**Your task:** Nothing but the lines from the one containing "Uma girafa bonita" to the end of the records that follow should be transcribed, each exactly, with the pictures left out.

(Task material begins)

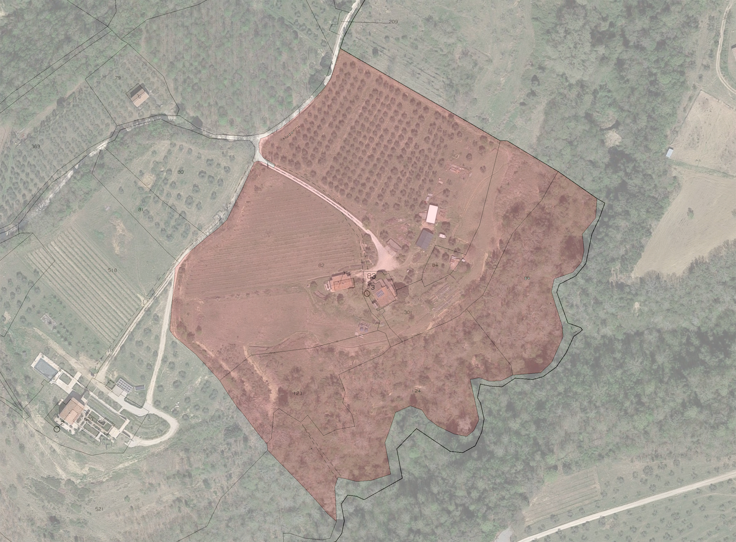 ישנן שתי דירות המורכבות מחדר שינה, חדר אמבטיה ומטבח, שנבנו בתחילת שנות ה-2000 עם בידוד תרמי מצוין ושימוש מיומן בחומרים טיפוסיים, ולאחר מכן תוחזקו ושופרו בקפידה לאורך השנים. באותו בניין יש מטבח, ליד תנור עצים, מרפסת ופינת ברביקיו. הבניין השני נבנה כולו בשנת 2018, החל מהיסודות, תוך שימוש במבנה עץ, טכניקות בנייה ביולוגיות מצוינות וגימורי אבן בעבודת יד חיצוניים; בניין זה מורכב ממטבח/חדר אוכל, חדר שינה עם משרד או חדר הלבשה, 2 חדרי אמבטיה ומחסן, בשטח כולל של כ-83 מ"ר, בתוספת פטיו יפהפה עם פרגולה בצד הקצר ומרפסת של כ-20 מ"ר בצד הקצר. האדמה תמיד מעובדת על ידי הבעלים בשיטות טבעיות חדשניות. ישנם כהקטר אחד של מטעי זיתים עם 300 עצים, כ-5000 מ"ר מוקדשים לגפנים עם ענבי יין לבנים ואדומים. להשלמת הנכס ישנם כ-2 הקטאר של יער והחלק הנותר הוא אדמה חקלאית, דשא וגינה.
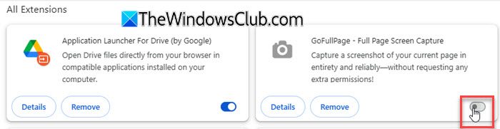 在远程计算机上打开Google Chrome。在地址栏中,输入chrome://extensions/然后按进入。查找控制屏幕共享或远程访问的扩展名(屏幕录制扩展程序,广告阻滞剂,VPN或代理扩展程序等)。通过切换将每个扩展程序一个一个接一个地禁用。
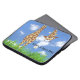 Uma girafa bonita a espreitar por cima com margarida branca na boca sobre o fundo do céu. O texto pode ser editado ou excluído.
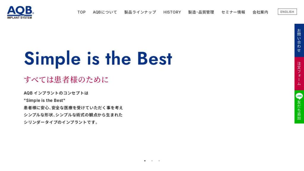 AQB株式会社は、主にインプラントの開発・製造・販売を行っている日本の企業です。1981年に東京医科歯科大学との共同研究を開始し、1994年から製造販売を行っています。製品は純国産で、高い安全性と信頼性を誇ります。 美容クリニックとの接点 AQB株式会... -
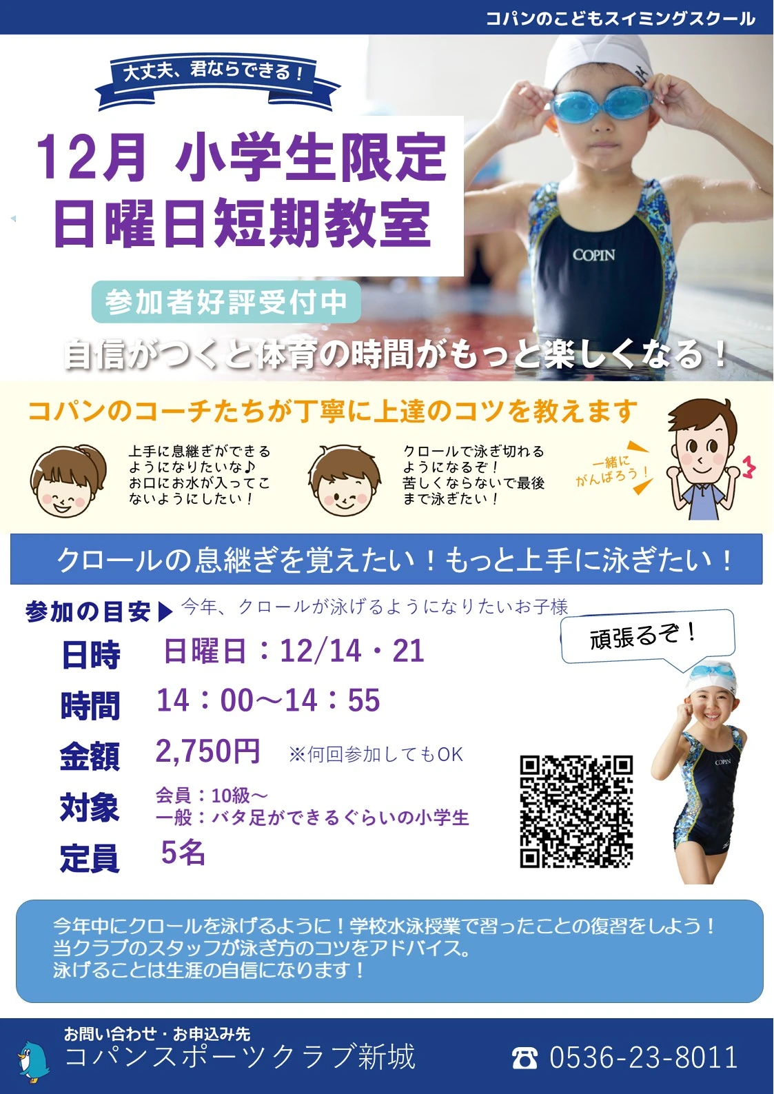 コパンで上達!12月 日曜日 初級クロール短期教室 2025.11.29 イベント・短期教室 日曜日の短期教室! ●小学生でクロールの練習をしたい方 ●小学生でプール初めてのお子様もOK ぜひご参加くださいね! WEBでお申込み お申込みフォーム 電話で申し込み 0536-23-8011 WEBでお申込み お申込みフォーム 電話で申し込み 0536-23-8011

(Task material ends)

**Solved problem:**
 Uma girafa bonita a espreitar por cima com margarida branca na boca sobre o fundo do céu. O texto pode ser editado ou excluído.
 AQB株式会社は、主にインプラントの開発・製造・販売を行っている日本の企業です。1981年に東京医科歯科大学との共同研究を開始し、1994年から製造販売を行っています。製品は純国産で、高い安全性と信頼性を誇ります。 美容クリニックとの接点 AQB株式会... -
 コパンで上達!12月 日曜日 初級クロール短期教室 2025.11.29 イベント・短期教室 日曜日の短期教室! ●小学生でクロールの練習をしたい方 ●小学生でプール初めてのお子様もOK ぜひご参加くださいね! WEBでお申込み お申込みフォーム 電話で申し込み 0536-23-8011 WEBでお申込み お申込みフォーム 電話で申し込み 0536-23-8011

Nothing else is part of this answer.